Today's post is about Userspace RCU... I know, I know... what, again with this URCU stuff?
Well, as it so happens, this is the fastest URCU currently known, which makes it the fastest (manual) way to do object lifetime tracking in a multi-threaded application, so I'm giving it nothing more than the attention it's due!
I wrote before about URCUs, namely two new algorithms Andreia and I designed, which we named GraceVersion and TwoPhase. Both these URCUs have grace sharing, a term used by Paul McKenney to describe what happens when multiple threads simultaneously call synchronize_rcu(). For these two algorithms, a single grace period may be used by multiple threads. On top of that calls to synchronize_rcu() don't block each other, they have to wait only for readers, like every URCU has to do (otherwise it wouldn't be an RCU).
We made comparison on the algorithms and implementations between our URCUs and the current state of the art, implemented in the userpsace-rcu library
But sometimes this isn't enough to see the difference. Sometimes we need to apply it to some (semi-)realistic scenario to understand just how much difference these new URCUs make.
As such, we picked up a lock-free linked list by Maged Michael and Tim Harris (Maged-Harris linked list) and applied these URCUs on top and made some benchmarks.

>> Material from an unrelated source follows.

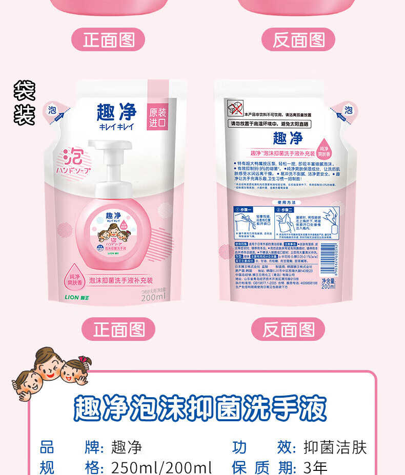 Lion Qujing Foaming Hand Sanitizer 99.9% Antibacterial and Moisturizing for Children and Adults Original Imported Hand Sanitizer Toning Fragrance + Lemon Fragrance 200ml Total 6 Bags
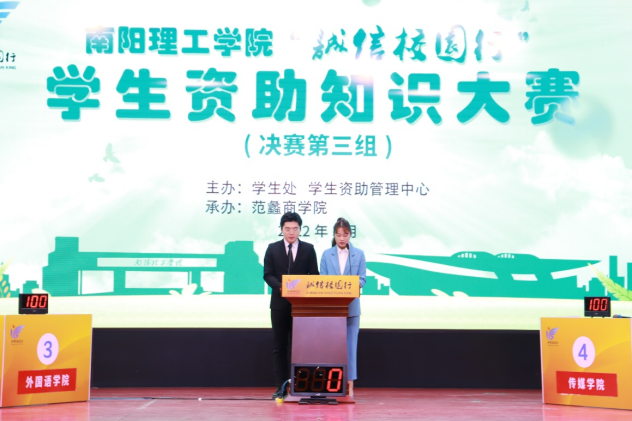 本网讯(通讯员/张清慈)为进一步提升新时代大学生的诚信意识,营造诚实守信的良好氛围,更好的展现当代大学生自强自立、担当奉献、昂扬向上的精神风貌。根据《河南省教育厅中国人民银行郑州中心支行中国银行保险监督管理委员会河南监管局国家开发银行河南省分行关于举办河南省大学生“诚信校园行”学生资助知识大赛的通知》(教资助〔2021〕327号精神),我校于3月23日上午成功举办大学生“诚信校园行”学生资助知识大赛第三组决赛。

Before we dig into the plots, I need to provide some details. This linked list actually implements a "set", with three main methods: contains(), remove(), add(). These three methods are lock-free but when we add an URCU to them, it means that we'll have to do reclamation on the remove() method, and as you all should know by now, all URCUs are blocking for reclamation (calls to synchronize_rcu()), therefore, the remove() method becomes blocking.
In our benchmarks the list used is particularly small, just 100 keys, which means the list has about 100 nodes (maybe a bit less temporarily). The reason we chose such a small list was to emphasize the scenarios where our URCUs behave the best, i.e. scenarios with high contention of calls to synchronize_rcu().

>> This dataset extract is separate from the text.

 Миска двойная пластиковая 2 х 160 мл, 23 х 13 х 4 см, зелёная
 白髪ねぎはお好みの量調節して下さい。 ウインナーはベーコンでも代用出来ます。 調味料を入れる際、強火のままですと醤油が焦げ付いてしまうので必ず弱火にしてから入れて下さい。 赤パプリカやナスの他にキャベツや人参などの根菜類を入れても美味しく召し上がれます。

For those of you who are wrinkling your noses and thinking that a list/set with 100 nodes isn't very realistic, then consider instead a well dimensioned lock-free hashmap/hashset based on an array of buckets each containing a Maged-Harris list. This a simple way to make a lock-free hashmap, and when there are few collisions, the lists at each of the buckets will be small, with likely just a few nodes. Any lookup/insertion/removal has to traverse much less than 100 nodes (unless the hash function is unsuitable for the key set). So, comparing to such a scenario, a list with 100 nodes is actually "large" in terms of how long it takes on average to find a key in the set.

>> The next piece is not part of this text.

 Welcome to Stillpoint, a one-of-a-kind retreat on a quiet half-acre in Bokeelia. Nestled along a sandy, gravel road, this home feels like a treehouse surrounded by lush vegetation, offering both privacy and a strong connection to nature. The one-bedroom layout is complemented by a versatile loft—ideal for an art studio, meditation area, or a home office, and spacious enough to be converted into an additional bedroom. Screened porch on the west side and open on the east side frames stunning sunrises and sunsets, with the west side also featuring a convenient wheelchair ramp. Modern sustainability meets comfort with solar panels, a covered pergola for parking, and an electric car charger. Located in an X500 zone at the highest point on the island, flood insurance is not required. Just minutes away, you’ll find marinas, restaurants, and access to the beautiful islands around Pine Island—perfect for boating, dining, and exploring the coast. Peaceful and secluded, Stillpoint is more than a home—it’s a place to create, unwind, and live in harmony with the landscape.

We show four difference scenarios in our plots. The top-left shows 100% updates, this means all threads are either attempting a remove() of a random key followed by an add() of the same key (thus one memory reclamation of a node). The bottom-right shows 0% updates, this means all threads are calling contains() on a random key. The other two plots are a mix of the two scenarios, where the decision of whether to do a remove()/add() or a contains() is chosen randomly but with an average described on the plot's title, i.e. 10% or 1%.
The 100% updates scenarios is where our URCUs really shine, due to their low overhead and grace sharing. As contention increases, they're about 5x faster than MemoryBarrier and nearly 50x than BulletProof. As the ratio of read-only operations increases, and the updates decrease, the MemoryBarrier catches up, eventually at 1% being pretty much the same as our algorithms. The BulletProof never catches up unless we go into purely read-only scenario, which is clearly unrealistic because if we knew with absolute certainty that there would be no updates then there would be no point in using an RCU because there would certainly be no removal.
Perhaps even more important than showing just how good our URCUs are, these plots are an excellent example of the importance of choosing the right memory reclamation technique when deploying a lock-free or wait-free data structure. No matter how fast the lock-free data structure, if the memory reclamation technique isn't fast enough to keep up with it, it's going to become the bottleneck, and negate any scalability benefits that the lock-free data structure was meant to provide. I hope these plots give a better feeling of just how important that is.
Source code for our GraceVersion URCU and TwoPhase URCU can be found here.